Этап. Железная печка жарко натоплена, в низкой и плоской, как коробка, комнате тепло и хорошо. Одетые в валенки и полушубки солдаты весело болтают и смеются… Десяти-двадцатиминутный отдых проходит как мгновение. Снова "в ружьё", песенники вперёд, и могучая русская песня звенит в морозном воздухе…

Вдруг в стороне словно из пушки хватило… Некоторые солдаты даже вздрогнули. Это лёд треснул. Подойдите поближе и вы увидите глубокую синюю полосу, идущую к чёрной воде. Расщелина понемногу раздвигается, становится шире, иногда доходит до аршина ширины. Тут видно, что лёд на этой страшной глубине не толстый, не более аршина, и жутко становится думать, что для такой страшной глубины, для этого морского простора — это только тонкий пузырь, которым затягивает в осенние заморозки глубокие лужи. А люди настроили на нём дома, варят пищу, тянут пушки, проложили рельсы… Не чудно ли? Сколько удали в этой затее, сколько смелости и энергии!

На "Середине" рота обедает. Остальной перегон идут уже под вечер. Небо алеет, но краски его тут, на севере, так бледны и нежны, словно это самая тонкая акварель. Не поётся. Быть может, и устали с непривычки. Усы и бороды заиндевели, идут тяжело, вразброд, и снег тут глубже, труднее идти. По всему пути длинной линией зажигаются жёлтые огоньки керосиновых фонарей, видны белые точки электрических огней на чисто срубленной, аккуратной и чистенькой станции Танхой. Медленно выплывает и начинает светить луна".
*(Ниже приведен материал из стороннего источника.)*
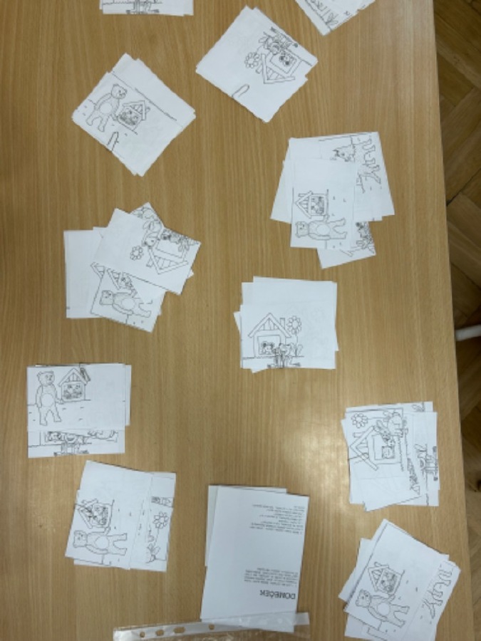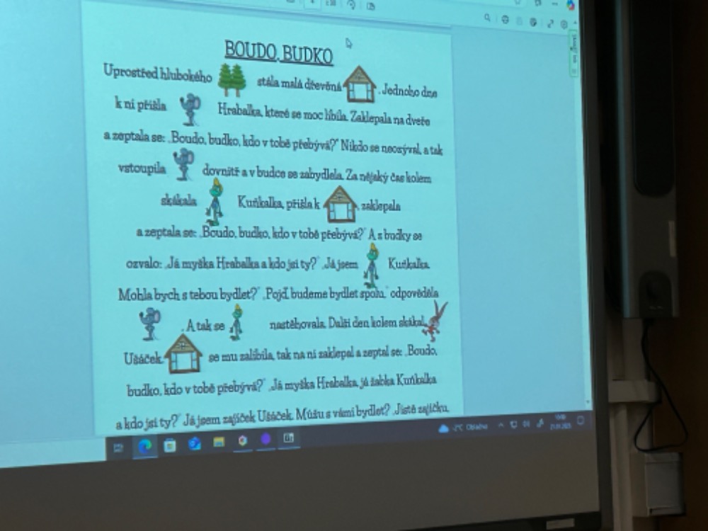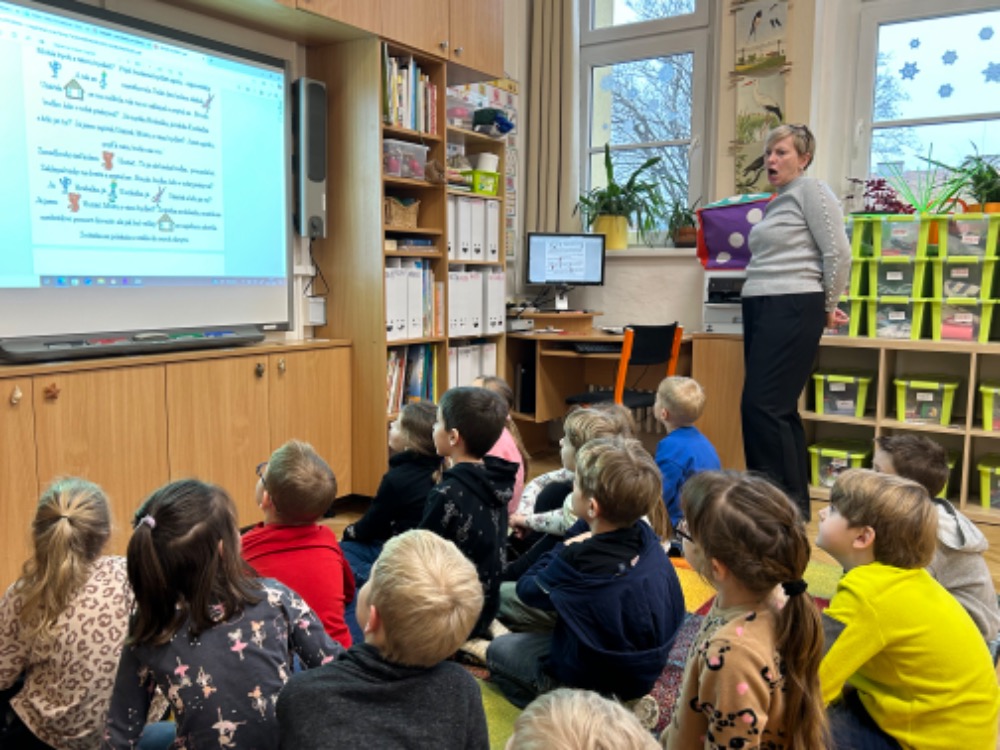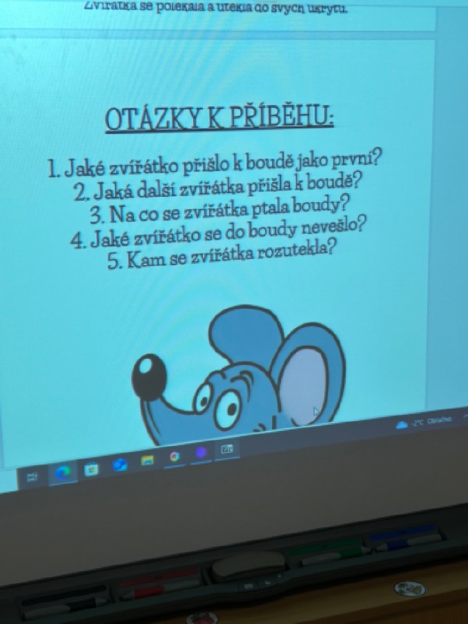 Společně jsme si děj přečetli. Děti pak odpovídaly na otázky různými styly. Procvičili jsme slabikování slov, hledali rozdíly mezi obrázky, skládali děj pomocí obrázků, pohádku zdramatizovali.
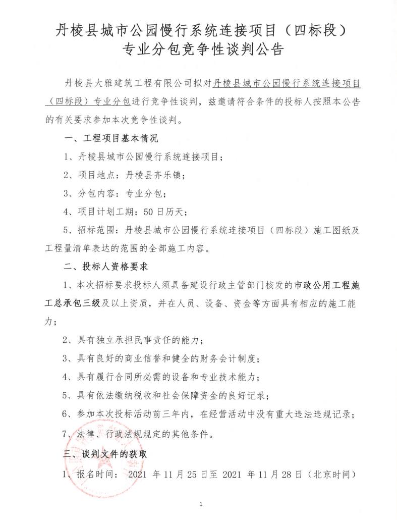 【大雅建筑公司】丹棱縣城市公園慢性系統(tǒng)連接項(xiàng)目(四標(biāo)段)專業(yè)分包競(jìng)爭(zhēng)性談判公告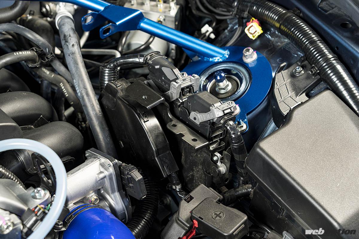 エンジンスワップ時にエンジンハーネスやECUユニットの変更は不要で、ECUをPE-VPRのデータに書き換えればOK。ただし、デモカーはアイドリングストップなどが搭載されていないP5-VPだったため、チェックランプが点灯しないようにデータの最適化を行なっている。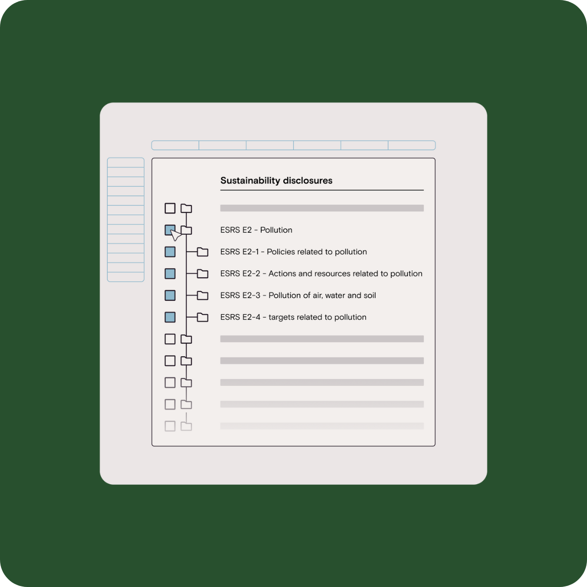 Record materiality decisions - capture the outcome of your (double) materiality analysis to define what’s in scope.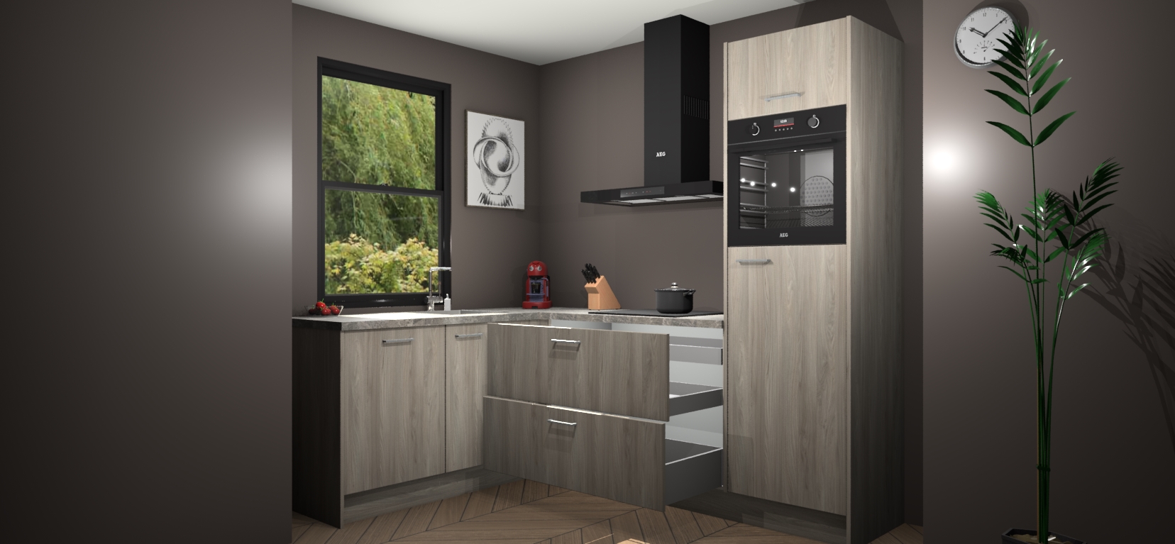Deze prachtige hoekkeuken heeft alle benodigdheden om uw droomkook- en eetruimte compleet te maken. De Olm kasten bieden een echo van raffinement, terwijl de 5 inbouwapparaten genoeg opties bieden voor het bereiden van heerlijke maaltijden. De oven, inductiekookplaat, afzuigkap, vaatwasser en koelkast zorgen ervoor dat u tijd in de keuken zo efficiënt mogelijk verloopt, terwijl ze ook dat extra vleugje luxe bieden.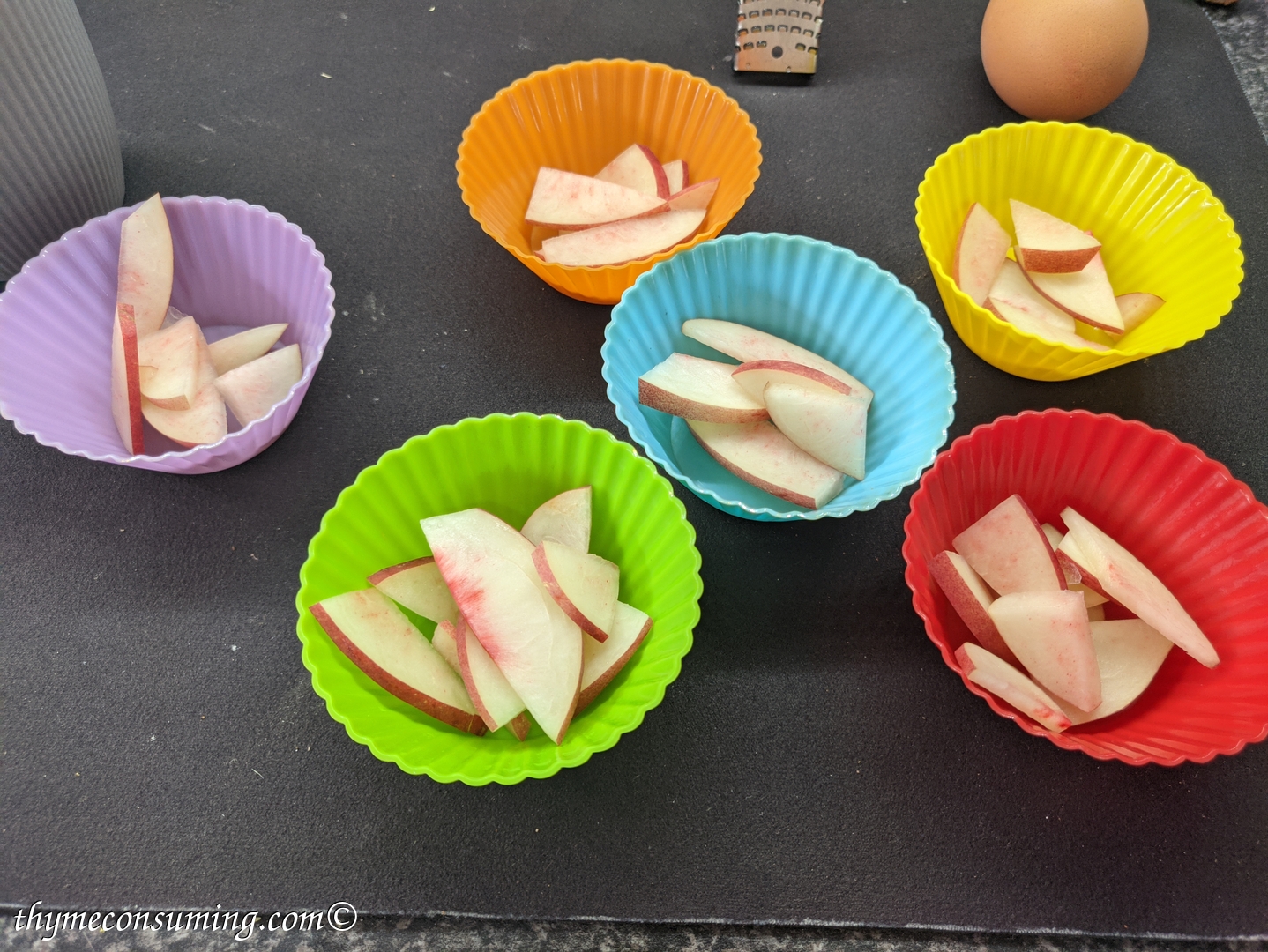 - Mix in the thinly cut nectarine. I add it sometimes at the bottom of the muffin. But I think it works best if I mix it in.

Байкал не переносил спокойно этакую густую и шумную кочёвку по себе, с капитальным, как на суше, обустройством. Морозы, пурги, превращающиеся в сплошной натиск, вой и рык, снежные заносы и ледяные торосы, а с началом весны, когда выдувает снег, остекленевший лёд, на котором не держат лошадей никакие подковы, — это ещё полбеды. А беда — трещины. В тишине под мерный визг полозьев вдруг ухнет утробно и грозно где-то в глубине и сверкнёт по льду молния. Гроза грозой, но молния в считанные секунды превращается в обрывистый раскол, на глазах он расширяется до полутора-двух аршин, куда и заглядывать жутко, и уж не пройти, не проехать. Пока Байкал метал эти молнии поперёк дороги, ремонтные артели ещё справлялись, накладывая сверху деревянные и металлические настилы. Но Байкал оказался догадлив и сменил тактику, взялся рвать лёд вдоль трассы, раз за разом заставляя переносить наезженный путь в сторону, заставляя в том числе переносить и рельсовую дорогу, которая укладывалась затем на специальные двухсаженные шпалы и пластины. Кто кого? — движение ненадолго восстанавливалось, в иные дни по льду удавалось перекатить до двухсот вагонов, пока Байкал не отыскивал, где его умудрились обойти, и не принимался готовить новый удар.

По ледовой железной дороге перекатывали ещё и паровозы, которых катастрофически не хватало на КВЖД. Нечего было и думать, как предлагали ретивые головы, опускать на лёд составы, способные своим ходом, под гудок паровозов, перебежать Байкал. Даже попытка перекатить 50-тонный паровоз едва не кончилась его потерей. Пришлось снимать с рам котлы и доставлять их по отдельности. Таким манером за четыре дня в первой декаде марта доставлено было на восточный берег 65 паровозов.

Вскоре после этого принялись за разборку ледового железнодорожного пути, играть дальше в прятки с Байкалом становилось опасно. Но он сумел-таки, как только обессилевшие люди взяли короткую передышку, немалую часть возведённой по льду дороги утянуть в свою утробу.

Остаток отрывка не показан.